松居和チャンネル 第67回です。
前回の、看護学校で講演した感想文の続きから始まります。
「親から無償の愛ではなく、子供から、無償の愛をもらってるというのは共感です。
途中で何度も涙と鼻水が込み上げてくる程に力強く、心に響くお話を聞くことができて、非常に貴重な経験をさせて頂いたと感じています。」
そして、特別支援学校で、生徒が先生を育てていた話が続きます。私が、埼玉県の教育委員長をしていた時のこと。特別支援学校の視察で、教師たちが重度の障害を持った子どもたちに「育てられている」姿を見たのです。
身動きが満足に出来ない中学生が、言葉にはならない言葉で、教師をゆっくりゆっくり育てている。その日教えたことが、次の日には無になっているように思える関係だからこそ、結果を求めず、教える側の人間性が育っていく。

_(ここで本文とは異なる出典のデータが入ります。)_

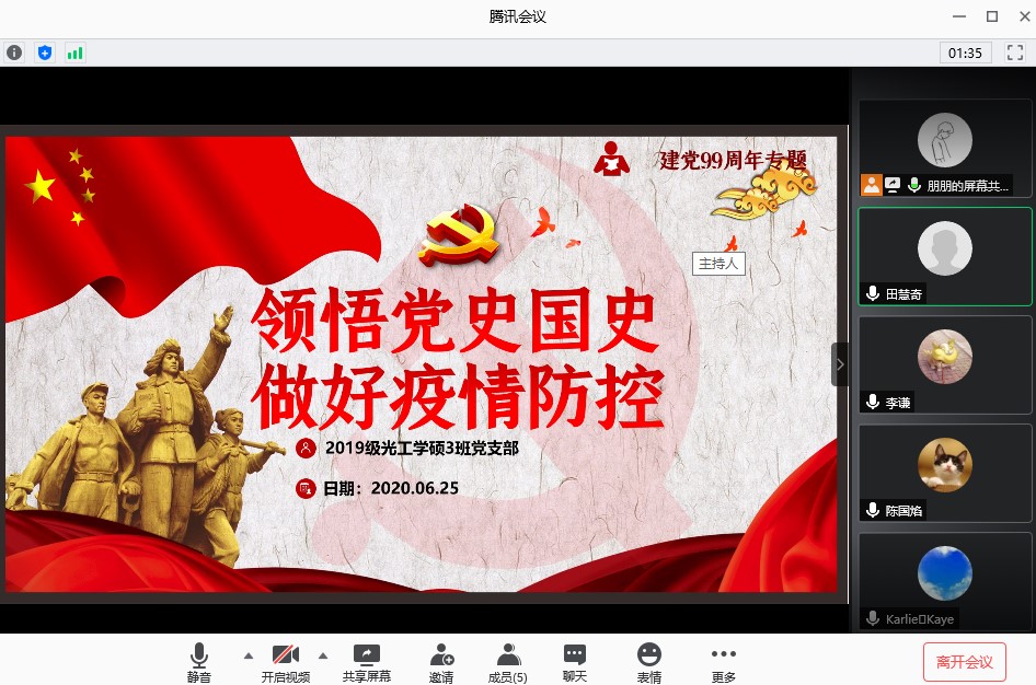 6月25日晚,支部开展线上理论学习会。今年是中国共产党建党九十九周年,疫情防控工作正处于关键阶段,支部学习回顾了我党的历史发展和历史贡献,分享了自己经历或身边的抗疫故事,共谈初心,致敬疫情防控工作者。

乳幼児が親を親らしく育てる「風景」と重なるものでした。
私が、そう感想を言うと、
「そうなんです、私たちが育てられているんです」と涙を流す先生がいました。
「親心」とは、心の底で、静かに損得勘定から離れること。
教育も、そうだったのかもしれない。
「家庭」があって、その先に「村(むら)社会」がある。だから「頑張る」ことが、「祝う」ことに、生まれかわっていく。
本気で、将来の「経済」を考えるなら、村(むら)社会的な役割を、会社という単位で、再生してほしい。
そして、保育園、幼稚園が、百人くらいの単位で、「絆」を、耕していく。
方法は、「ママがいい!」に書きました。このチャンネルでも言いました。幼児が風景の中にいる、一つ一つの「園」や「会社」が、それをして、「国」が成り立っていくのです。そこに、「国」の存在意義があるのです。
みんなで喜ぶ、可愛がる。祝う。
成人式には、卒園児たちが全員、晴れ着姿で戻ってくる園があります。
「親心のビオトープ」を作るのは、難しいことではない。自然な風景に、還してあげればいいだけ。
きっと、それが、この国の経済にもいいはずなのに。